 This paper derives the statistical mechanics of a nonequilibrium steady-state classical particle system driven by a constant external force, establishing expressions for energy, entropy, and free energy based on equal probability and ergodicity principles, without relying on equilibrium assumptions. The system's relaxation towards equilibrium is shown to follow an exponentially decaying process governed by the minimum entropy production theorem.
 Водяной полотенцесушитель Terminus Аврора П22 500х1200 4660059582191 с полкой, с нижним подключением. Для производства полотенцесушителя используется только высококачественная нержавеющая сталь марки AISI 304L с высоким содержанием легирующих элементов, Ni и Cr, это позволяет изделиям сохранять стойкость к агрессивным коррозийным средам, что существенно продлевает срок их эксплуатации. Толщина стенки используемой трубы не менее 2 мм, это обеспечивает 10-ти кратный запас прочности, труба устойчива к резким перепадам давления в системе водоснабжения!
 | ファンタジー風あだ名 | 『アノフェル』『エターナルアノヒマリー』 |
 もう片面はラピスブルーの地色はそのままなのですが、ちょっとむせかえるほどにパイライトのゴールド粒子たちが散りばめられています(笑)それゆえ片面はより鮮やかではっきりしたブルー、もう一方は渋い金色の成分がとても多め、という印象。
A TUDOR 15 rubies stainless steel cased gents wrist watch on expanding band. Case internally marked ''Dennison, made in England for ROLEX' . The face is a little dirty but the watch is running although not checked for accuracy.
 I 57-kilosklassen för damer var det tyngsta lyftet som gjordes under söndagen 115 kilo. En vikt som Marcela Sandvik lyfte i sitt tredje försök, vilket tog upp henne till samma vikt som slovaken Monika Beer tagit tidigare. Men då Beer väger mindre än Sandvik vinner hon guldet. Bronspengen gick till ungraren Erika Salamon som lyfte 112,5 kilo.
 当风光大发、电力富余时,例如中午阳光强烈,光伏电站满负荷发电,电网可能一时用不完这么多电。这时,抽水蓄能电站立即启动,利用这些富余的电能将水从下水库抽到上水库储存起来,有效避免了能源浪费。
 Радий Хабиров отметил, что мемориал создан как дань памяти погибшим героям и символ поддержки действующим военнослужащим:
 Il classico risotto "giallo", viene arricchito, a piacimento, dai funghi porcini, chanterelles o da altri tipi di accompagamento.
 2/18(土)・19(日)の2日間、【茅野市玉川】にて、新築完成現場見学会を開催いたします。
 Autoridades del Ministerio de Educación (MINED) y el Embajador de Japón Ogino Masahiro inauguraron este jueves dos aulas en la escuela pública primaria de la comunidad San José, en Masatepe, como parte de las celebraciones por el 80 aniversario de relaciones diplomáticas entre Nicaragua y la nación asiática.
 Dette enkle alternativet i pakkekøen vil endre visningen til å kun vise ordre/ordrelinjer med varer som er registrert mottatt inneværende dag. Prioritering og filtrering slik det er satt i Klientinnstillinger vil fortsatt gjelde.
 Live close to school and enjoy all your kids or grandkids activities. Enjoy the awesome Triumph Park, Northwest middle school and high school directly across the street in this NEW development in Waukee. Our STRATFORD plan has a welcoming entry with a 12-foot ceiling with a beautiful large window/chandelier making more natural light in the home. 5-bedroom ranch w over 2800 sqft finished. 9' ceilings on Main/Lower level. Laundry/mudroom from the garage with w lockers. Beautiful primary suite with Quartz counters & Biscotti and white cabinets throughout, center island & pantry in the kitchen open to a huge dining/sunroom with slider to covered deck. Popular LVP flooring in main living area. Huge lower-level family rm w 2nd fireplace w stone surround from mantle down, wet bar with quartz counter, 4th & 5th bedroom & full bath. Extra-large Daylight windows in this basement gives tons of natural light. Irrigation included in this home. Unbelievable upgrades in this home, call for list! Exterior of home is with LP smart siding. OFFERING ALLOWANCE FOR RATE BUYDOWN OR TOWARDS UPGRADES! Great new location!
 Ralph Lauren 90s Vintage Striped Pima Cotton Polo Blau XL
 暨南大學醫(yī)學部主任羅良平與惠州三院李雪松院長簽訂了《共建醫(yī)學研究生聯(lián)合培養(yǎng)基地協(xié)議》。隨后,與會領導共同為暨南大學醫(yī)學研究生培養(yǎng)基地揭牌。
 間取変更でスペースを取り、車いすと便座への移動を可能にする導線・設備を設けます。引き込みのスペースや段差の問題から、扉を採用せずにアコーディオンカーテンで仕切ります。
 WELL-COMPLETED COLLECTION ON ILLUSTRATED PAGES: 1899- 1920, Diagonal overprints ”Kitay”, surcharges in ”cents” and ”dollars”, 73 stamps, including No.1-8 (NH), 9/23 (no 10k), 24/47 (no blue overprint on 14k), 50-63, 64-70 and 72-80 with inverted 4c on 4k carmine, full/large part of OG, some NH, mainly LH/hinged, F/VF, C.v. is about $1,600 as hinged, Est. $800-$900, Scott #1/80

• • • •

Out of the entries above, write out only the lines between the line holding "ファンタジー風あだ名 | 『アノフェル』『エターナルアノヒマリー』 |" and the line holding "当风光大发、电力富余时,例如", inclusive, each exactly as given.

 | ファンタジー風あだ名 | 『アノフェル』『エターナルアノヒマリー』 |
 もう片面はラピスブルーの地色はそのままなのですが、ちょっとむせかえるほどにパイライトのゴールド粒子たちが散りばめられています(笑)それゆえ片面はより鮮やかではっきりしたブルー、もう一方は渋い金色の成分がとても多め、という印象。
A TUDOR 15 rubies stainless steel cased gents wrist watch on expanding band. Case internally marked ''Dennison, made in England for ROLEX' . The face is a little dirty but the watch is running although not checked for accuracy.
 I 57-kilosklassen för damer var det tyngsta lyftet som gjordes under söndagen 115 kilo. En vikt som Marcela Sandvik lyfte i sitt tredje försök, vilket tog upp henne till samma vikt som slovaken Monika Beer tagit tidigare. Men då Beer väger mindre än Sandvik vinner hon guldet. Bronspengen gick till ungraren Erika Salamon som lyfte 112,5 kilo.
 当风光大发、电力富余时,例如中午阳光强烈,光伏电站满负荷发电,电网可能一时用不完这么多电。这时,抽水蓄能电站立即启动,利用这些富余的电能将水从下水库抽到上水库储存起来,有效避免了能源浪费。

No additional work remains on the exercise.